Theorem 1. If $f(x)$ satisfies Lipchitz condition on $(-\pi, \pi)$ , then

$f(x) =a_{0}+\sum_{n=1}^{\infty} (a_{n} \cos(nx) +b_{n} \sin(nx)).$

Theorem 2. Parseval’s Identity.

$\frac{1}{\pi} \int_{-\pi}^{\pi} |f(x)|^{2} dx= 2a_{0}^{2}+ \sum_{n=1}^{\infty} (a_{n}^{2}+b_{n}^{2}).$

Question 1. Assume $f(x)=f(x+2\pi)$ for all $x\in \mathbb{R}$ and $f(x)=1505+1506x+1507x^{2}+1508x^{3}$ on $[-\pi, \pi).$

What is the value of $a_{0}+\sum_{n=1}^{\infty}a_{n} ?$

Solution. From Theorem 1, $f(x)=a_{0}+\sum_{n=1}^{\infty} (a_{n} \cos(nx) +b_{n} \sin(nx))$ on $(-\pi, \pi)$ . Therefore, $f(0)=a_{0}+\sum_{n=1}^{\infty}a_{n}$ and $f(0)=1505$ . Hence, $a_{0}+\sum_{n=1}^{\infty}a_{n}=1505.$

Question 2. Prove these identities:

$\sum_{n=1}^{\infty} \frac{1}{(2n-1)^{2}}=\frac{\pi^{2}}{8}$

$\sum_{n=1}^{\infty} \frac{1}{n^{2}}=\frac{\pi^{2}}{6}$

$\sum_{n=1}^{\infty} \frac{1}{(2n-1)^{4}}=\frac{\pi^{4}}{96}$

$\sum_{n=1}^{\infty} \frac{1}{n^{4}}=\frac{\pi^{4}}{90}$

Solution.

Choose the function $f(x)=|x|$ on $(-\pi, \pi)$ and f(x) is a periodic function with period $2\pi$ .

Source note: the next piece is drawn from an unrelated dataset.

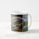 Une tasse magique avec une chaîne de montagnes époustouflante baignée par la lumière douce d'un soleil couchant, avec un arc-en-ciel vibrant en voûte à travers le ciel. Parfait pour votre café ou thé du matin, cette tasse vous transportera dans un monde serein et onirique.

Use the formulas of $a_{n}$ and $b_{n}$ , we can prove that the Fourier series of $f(x)=|x|$ is

$\frac{\pi}{2} + \sum_{n=1}^{\infty} \frac{2((-1)^{n}-1)}{\pi} \cdot \frac{cos(nx)}{n^{2}}$

From Theorem 1, take $x=0$ , then

$0= \frac{\pi}{2} + \sum_{n=1}^{\infty} \frac{2((-1)^{n}-1)}{n^{2} \pi} = \frac{\pi}{2} + \sum_{m=1}^{\infty} \frac{-4}{(2m-1)^{2}\pi} = \frac{\pi}{2} - \frac{4}{\pi} \sum_{m=1}^{\infty} \frac{1}{(2m-1)^{2}}$

Therefore, $\sum_{n=1}^{\infty} \frac{1}{(2n-1)^{2}}=\frac{\pi^{2}}{8}$ .

Assume $S=\sum_{n=1}^{\infty} \frac{1}{n^{2}}$ , we get

$S=\sum_{odd} \frac{1}{n^{2}} + \sum_{even} \frac{1}{n^{2}} = \frac{\pi^{2}}{8} + \frac{1}{4} S$ .

Therefore $S=\frac{\pi^{2}}{6}$ .

From Parserval’s identity, we know

$\frac{2\pi^{2}}{3}= \frac{1}{\pi} \int_{-\pi}^{\pi} x^{2}dx = 2\cdot (\frac{\pi}{2})^{2} + \sum_{n=1}^{\infty} \frac{4((-1)^{n}-1)^{2}}{\pi^{2}\cdot n^{4}} = \frac{\pi^{2}}{2} + \sum_{m=1}^{\infty} \frac{16}{\pi^{2} (2m-1)^{4}}$